Durumu: Medine No : 27691 Üyelik T.:
26 Nisan 2013 Arkadaşları:14 Cinsiyet:ANNE Memleket:ARZ Yaş:42 Mesaj:
2.423 Konular:
105 Beğenildi:98 Beğendi:4 Takdirleri:60 Takdir Et:
Konu Bu
Üyemize Aittir! | Insanın sevgiye olan ihtiyacı Insanın sevgiye olan ihtiyacı Sevgi ve sevgi üzerine söylenen sözler her zaman insanın ilgisini çekmiş ve en çok hoşlandığı sözler olagelmiştir. Sevgi;İnsanı bir şeye veya bir kimseye karşı yakın ilgi ve bağlılık göstermeye yönelten duygu diye tarif edilir. İnsanı en güzel surette halkeden yüce Allah bu seçkin varlığa sevgi gibi güzel bir duyguyu da yaratılışla birlikte lutfetmiştir.

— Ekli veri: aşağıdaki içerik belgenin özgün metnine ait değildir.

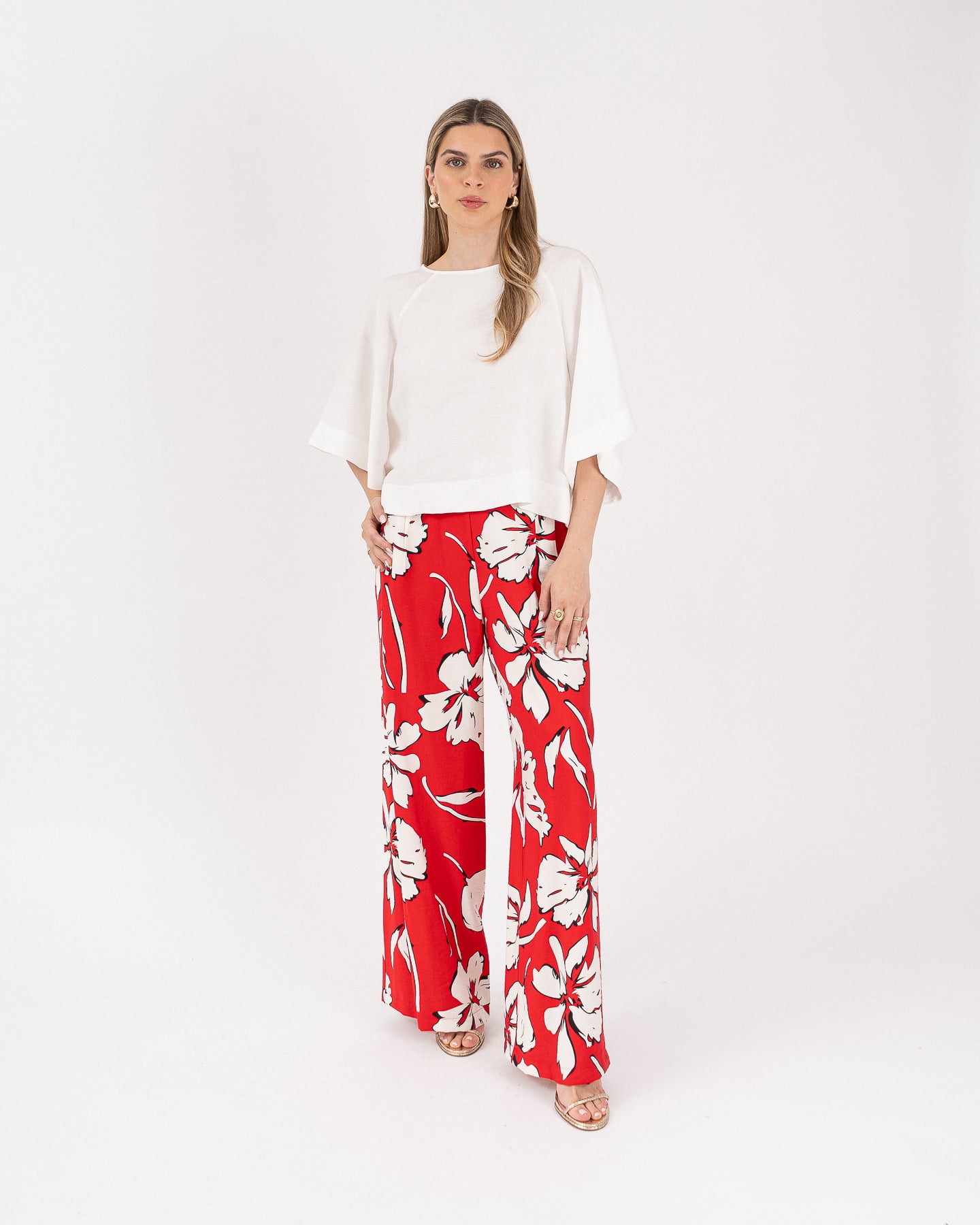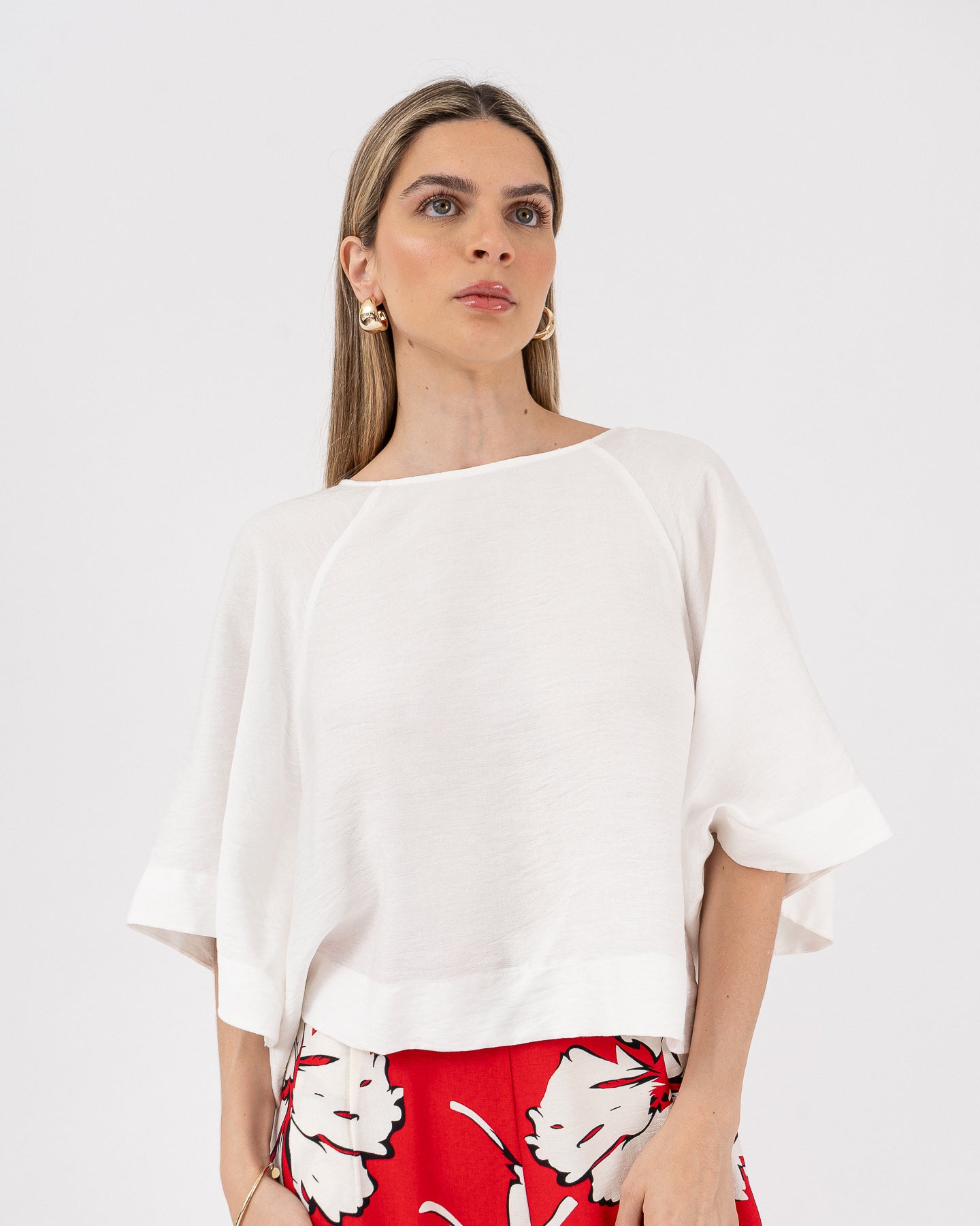 Blusa manga ranglan escote redondo con mangas semi campana, abertura posterior con tiras de amarre.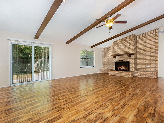 Wood-burning brick fireplaceAbundant natural lightStainless steel appliancesDesignated dining spaceGranite countertopsOversized back patioSliding glass doors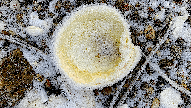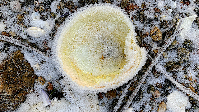 Nu längtar man inte efter att stoppa ner händerna i vattnet som är runt 0 grader eller t.o.m. någon minusgrad. Så det är lätt att nöja sig med att leta efter lite skal in tångvallen. Det är lätt att hitta många olika arter på stranden vid Saltö. Extra vackert blir det med en fin kant av frost på skalen. Arctica islandica, islandsmusslan har stora skal som ligger kvar länge på stranden. Till arter som finns på både ost- och västkusten hör sandmusslan, Mya arenaria och hjärtmusslan, Cerastoderma edule.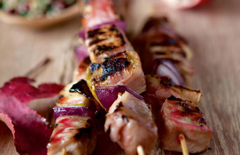 - Brochetas de cerdo marinado en almíbar de granada (para 4 personas)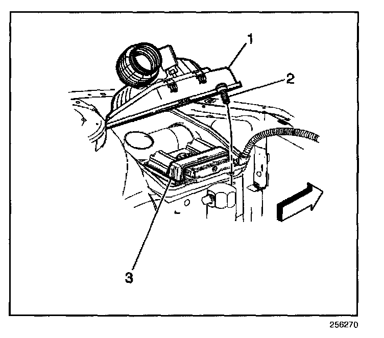 2. Install the PCM (3) into the lower air cleaner housing.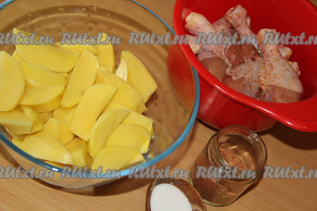 Тщательно перемешать ножки со специями. Оставить на 30 минут. Картофель почистить и нарезать крупными дольками.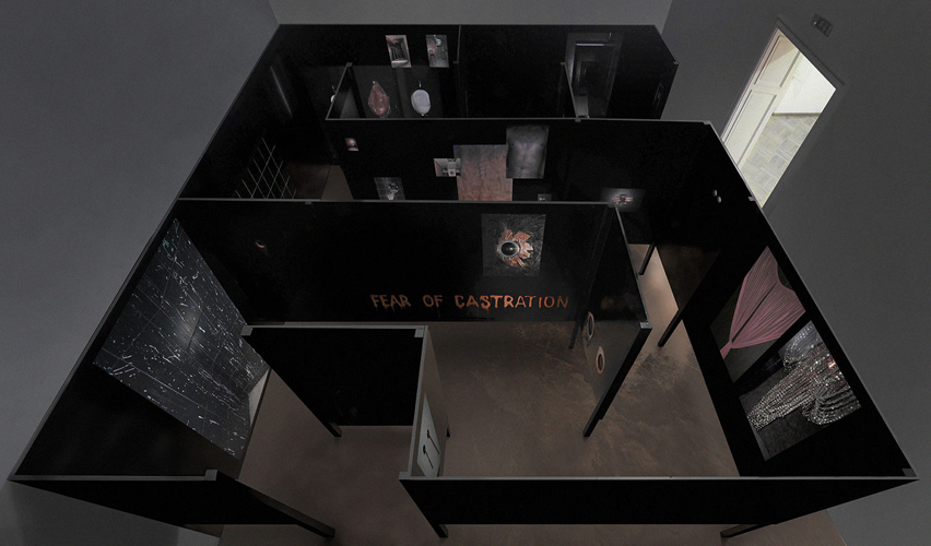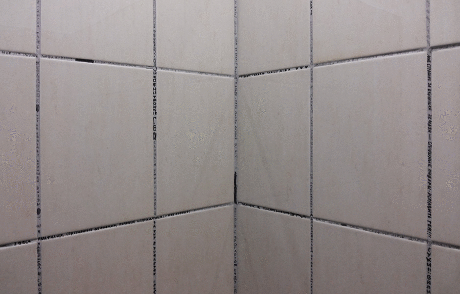 Обнаруженные художником в общественных туалетах анонимные надписи, аккуратно загнанные их авторами в цементные стыки между кафельной плиткой так, что они не нарушают «стерильности» санитарного пространства. На фото: вариант инсталляции «Зоны вытеснения (Тупик)» (галерея «Ў», Минск, 2014 г.) и на выставке «Ain't Nobody's Business» в PinchukArtCentre (Киев, 2019 г.).

Yani Sevgi insan fıtratında var olan bir duygudur.
Bu nedenle her insanın sevmeye ve sevilmeye ihtiyacı vardır.
Yüce yaratıcı, kendi sevgisinin bir nevi tezahürü sayılan insandan sevgi odaklı bir hayat yaşamasını istemektedir. Temelleri sevgi ve kardeşlik üzerine bina edilen ilk ideal İslam toplumu Medine de Peygamberimiz Hz. Muhammed (sav) tarafından kurulmuştur.
Mekke'den göçedenlere kucak açan Medineli müslümanlar Kur'ân-ı Kerîm'de, "Onlar, hicret edip yanlarına gelenleri severler" (Haşr 59/9)
diye takdir edilir.
Bunların muhacirlere yaptıkları yardımlar sebebiyle Kur'ân-ı Kerîm'de,
"ensar" (yardım severler) diye anılmaları (Tevbe 9/100, 117)
ve bütün İslâm tarihi boyunca sadece bu isimle ebedîleşmeleri,
İslâmda sevgi ve onun doğal bir sonucu olan kardeşliğin önemine işaret eder. Sevgili peygamberimiz, “İman etmedikçe cennete giremezsiniz, birbirinizi sevmedikçe de (gerçek anlamda) iman etmiş olamazsınız”
(Müslim,iman, 93;Tirmizi,sfatu’l- Kıyame,56)
buyurarak birbirimizi sevmenin imanın bir parçası olduğuna dikkatlerimizi çekmiştir Dolayısıyla,Kur’an-ı Kerimin ve Rasulullah (sav) ın mesajlarına bakarak
çok rahatlıkla İslam sevgi dinidir,
onun kurduğu toplum sevgi toplumu,
medeniyeti de sevgi medeniyetidir diyebiliriz. Yaşanan sıkıntıların çoğunun müsebbibinin insan olduğu bilinen bir gerçektir.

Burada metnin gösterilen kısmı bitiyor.